Bug type
Behavior bug (incorrect output/state without crash)
Beta release blocker
No
Summary
When the Qwen3.6-35B-A3B model terminates generation with stopReason="stop" inside a thinking block without emitting any toolCall, the embedded agent enters an infinite silent stall — no tools execute, no JSONL entries are appended, no gateway logs fire.
Steps to reproduce
- Run an embedded agent via Matrix direct chat with context window ~72k and a tool-rich system prompt (file I/O, subprocess management).

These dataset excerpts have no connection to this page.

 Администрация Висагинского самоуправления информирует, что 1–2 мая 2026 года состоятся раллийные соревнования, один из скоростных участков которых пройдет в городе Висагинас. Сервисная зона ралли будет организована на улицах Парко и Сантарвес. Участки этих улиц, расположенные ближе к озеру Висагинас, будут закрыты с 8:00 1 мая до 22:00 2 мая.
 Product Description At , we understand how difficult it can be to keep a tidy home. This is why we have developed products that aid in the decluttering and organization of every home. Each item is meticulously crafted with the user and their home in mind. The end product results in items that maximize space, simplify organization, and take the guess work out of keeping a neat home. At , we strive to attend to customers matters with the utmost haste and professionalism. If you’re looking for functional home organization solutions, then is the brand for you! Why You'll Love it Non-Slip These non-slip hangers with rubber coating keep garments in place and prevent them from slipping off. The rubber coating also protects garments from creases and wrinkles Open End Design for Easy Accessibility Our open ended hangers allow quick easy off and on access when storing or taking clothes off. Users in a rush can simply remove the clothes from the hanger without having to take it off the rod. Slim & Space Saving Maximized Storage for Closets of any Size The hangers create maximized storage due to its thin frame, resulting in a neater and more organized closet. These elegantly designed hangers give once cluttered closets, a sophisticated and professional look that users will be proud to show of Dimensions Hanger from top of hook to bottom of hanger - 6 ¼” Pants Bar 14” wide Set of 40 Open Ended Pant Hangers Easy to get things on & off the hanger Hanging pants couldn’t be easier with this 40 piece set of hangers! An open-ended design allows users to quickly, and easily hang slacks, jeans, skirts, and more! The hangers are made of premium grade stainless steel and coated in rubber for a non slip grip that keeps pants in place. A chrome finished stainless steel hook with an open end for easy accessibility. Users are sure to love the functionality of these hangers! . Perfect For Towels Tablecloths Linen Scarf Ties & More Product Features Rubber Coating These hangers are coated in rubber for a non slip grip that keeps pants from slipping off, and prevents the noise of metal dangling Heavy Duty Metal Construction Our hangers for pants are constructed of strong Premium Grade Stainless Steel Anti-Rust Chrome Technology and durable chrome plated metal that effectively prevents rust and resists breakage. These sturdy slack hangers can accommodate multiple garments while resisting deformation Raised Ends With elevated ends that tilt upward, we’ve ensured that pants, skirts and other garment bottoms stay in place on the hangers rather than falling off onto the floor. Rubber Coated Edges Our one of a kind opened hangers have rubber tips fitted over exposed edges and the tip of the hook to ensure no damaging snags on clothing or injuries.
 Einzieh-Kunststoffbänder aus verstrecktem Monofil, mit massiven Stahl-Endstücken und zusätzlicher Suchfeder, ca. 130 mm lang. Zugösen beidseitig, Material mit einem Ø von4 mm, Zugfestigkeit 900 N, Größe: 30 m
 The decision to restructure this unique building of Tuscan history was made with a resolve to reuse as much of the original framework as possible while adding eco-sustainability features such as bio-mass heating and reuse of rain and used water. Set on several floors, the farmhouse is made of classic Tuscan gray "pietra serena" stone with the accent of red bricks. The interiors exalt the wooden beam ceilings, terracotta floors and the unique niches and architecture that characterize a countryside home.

- Let the agent accumulate tool output over multiple turns (~39 toolUse cycles) until context pressure increases toward the overflow threshold (~45k+ tokens).
- Trigger a turn where the model enters extended thinking (>250 chars of internal reasoning) while planning to execute tools.

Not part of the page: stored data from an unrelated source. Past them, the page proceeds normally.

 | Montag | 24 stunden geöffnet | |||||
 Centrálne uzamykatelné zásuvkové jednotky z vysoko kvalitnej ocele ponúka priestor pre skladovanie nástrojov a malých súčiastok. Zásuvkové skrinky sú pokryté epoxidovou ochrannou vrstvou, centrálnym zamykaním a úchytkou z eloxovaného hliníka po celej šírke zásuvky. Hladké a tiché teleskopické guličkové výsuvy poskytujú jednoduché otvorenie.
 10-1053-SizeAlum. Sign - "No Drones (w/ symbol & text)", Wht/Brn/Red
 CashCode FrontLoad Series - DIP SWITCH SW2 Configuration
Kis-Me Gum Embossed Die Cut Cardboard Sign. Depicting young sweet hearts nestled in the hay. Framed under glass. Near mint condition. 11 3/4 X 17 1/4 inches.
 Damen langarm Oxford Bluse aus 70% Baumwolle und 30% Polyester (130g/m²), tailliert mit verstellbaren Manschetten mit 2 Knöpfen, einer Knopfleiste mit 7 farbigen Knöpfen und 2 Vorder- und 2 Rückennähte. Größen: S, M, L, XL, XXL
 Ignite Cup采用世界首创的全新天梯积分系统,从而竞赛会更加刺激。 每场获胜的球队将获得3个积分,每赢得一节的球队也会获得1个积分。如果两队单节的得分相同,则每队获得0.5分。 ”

- Observe: the model generates stopReason="stop" without any subsequent toolCall token stream — only a thinking block containing embedded
<function=...> XML as plain text. No JSONL entries are appended after this, no gateway logs fire, and the session freezes indefinitely.

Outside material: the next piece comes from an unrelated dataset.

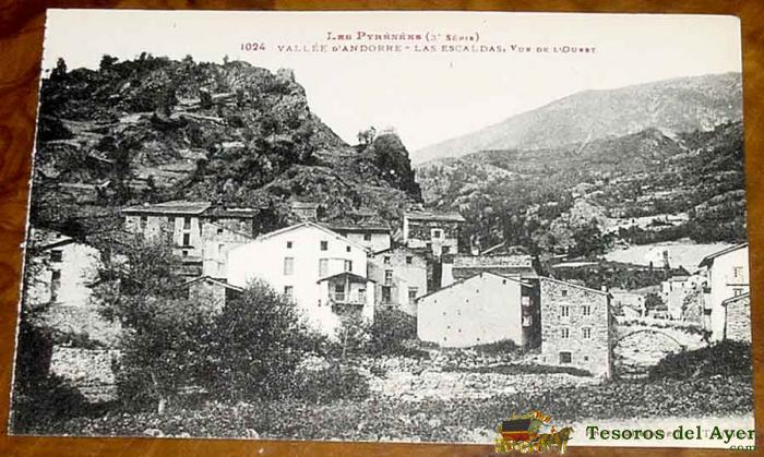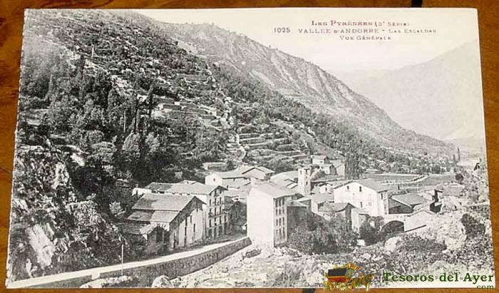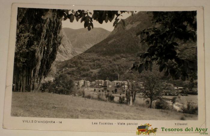 ANTIGUA FOTO POSTAL DE ANDORRA, VALLS D´ANDORRA . LES ESCALDES, VISTA PARCIAL - V. CLAVEROL - ESCRITA

Reproducible in session aa55eb34-e588-439d-a780-359d5e0de27c (1 June 2026), occurring 3 independent times out of 55 assistant entries over ~1h 24m.
Expected behavior
If an assistant response contains only a thinking block with no toolCall (regardless of stopReason), the gateway should detect this as an incomplete turn and either:
- Auto-retry with a corrective prompt, or
- Surface a clear error state with logging (livenessState=abandoned)
Actual behavior
Session remains silently idle — resolved only by user intervention (~64s for short thinking blocks), auto-compaction after context overflow (~191s for longer blocks), or never (permanent stall, no recovery path). No gateway log entries appear after the thinking-only JSONL entry until resolution occurs (or ever, in permanent stalls). Session appears healthy in dashboards despite being completely frozen.
OpenClaw version
2026.5.28
Operating system
Ubuntu Server 24.04 LTS (kernel 6.8.0-124-generic x64)
Install method
git clone — updated via cd ~/openclaw && git pull && git fetch origin --tags && git checkout <tag> && pnpm build && openclaw gateway start/stop
Model
llama/Qwen3.6-35B-A3B-UD-MTP-Q4_K_M (Qwen3.6-35B-A3B)
Provider / routing chain
OpenClaw → local llama.cpp
Additional provider/model setup details
Context window: 72k, reserveTokensFloor: 20000. Channel: Matrix direct chat. Model runs locally via llama.cpp with Qwen3.6-35B-A3B in Q4_K_M quantization. The model has a deterministic failure mode where extended thinking blocks (>250 chars) can trigger premature EOS (stopReason="stop") without emitting the toolUse token stream, even when the reasoning text contains explicit plans to execute tools with embedded <function=...> XML syntax as plain text — not structured tool calls.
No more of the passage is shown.